**TASK PROMPT**
Every line of the entries below from the one containing "Herlitz 5031612 universalpapper" to the one containing "Mega flot skænk", both ends included, must be written out exactly. No other line belongs in the answer.

**RECORDS TO PROCESS**
━━━━━━━━━━━━━━━━━━━━━━━━━━━━━━
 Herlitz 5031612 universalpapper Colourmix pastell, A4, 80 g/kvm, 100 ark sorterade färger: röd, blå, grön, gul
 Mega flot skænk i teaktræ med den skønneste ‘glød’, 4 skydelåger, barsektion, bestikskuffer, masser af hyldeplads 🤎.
━━━━━━━━━━━━━━━━━━━━━━━━━━━━━━
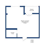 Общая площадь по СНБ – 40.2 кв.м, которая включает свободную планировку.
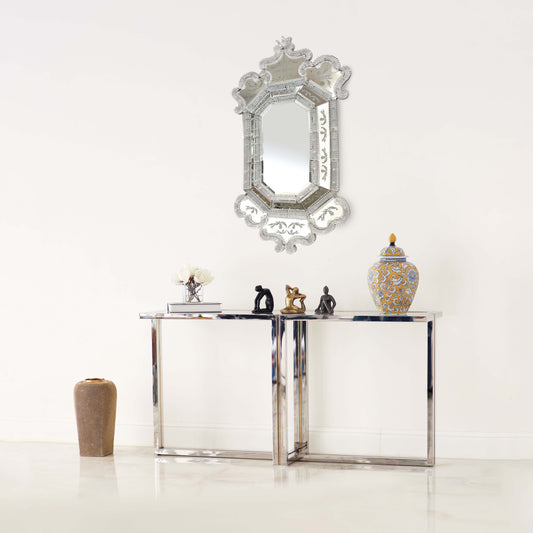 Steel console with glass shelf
━━━━━━━━━━━━━━━━━━━━━━━━━━━━━━
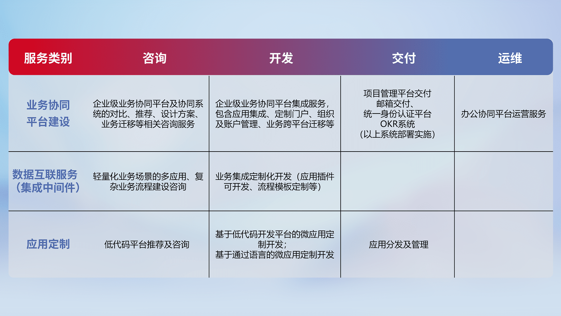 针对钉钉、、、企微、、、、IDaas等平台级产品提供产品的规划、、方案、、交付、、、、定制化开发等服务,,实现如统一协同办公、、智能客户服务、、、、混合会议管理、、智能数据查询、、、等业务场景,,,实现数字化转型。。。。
━━━━━━━━━━━━━━━━━━━━━━━━━━━━━━
**SOLUTION TO THE PROBLEM**
 Herlitz 5031612 universalpapper Colourmix pastell, A4, 80 g/kvm, 100 ark sorterade färger: röd, blå, grön, gul
 Mega flot skænk i teaktræ med den skønneste ‘glød’, 4 skydelåger, barsektion, bestikskuffer, masser af hyldeplads 🤎.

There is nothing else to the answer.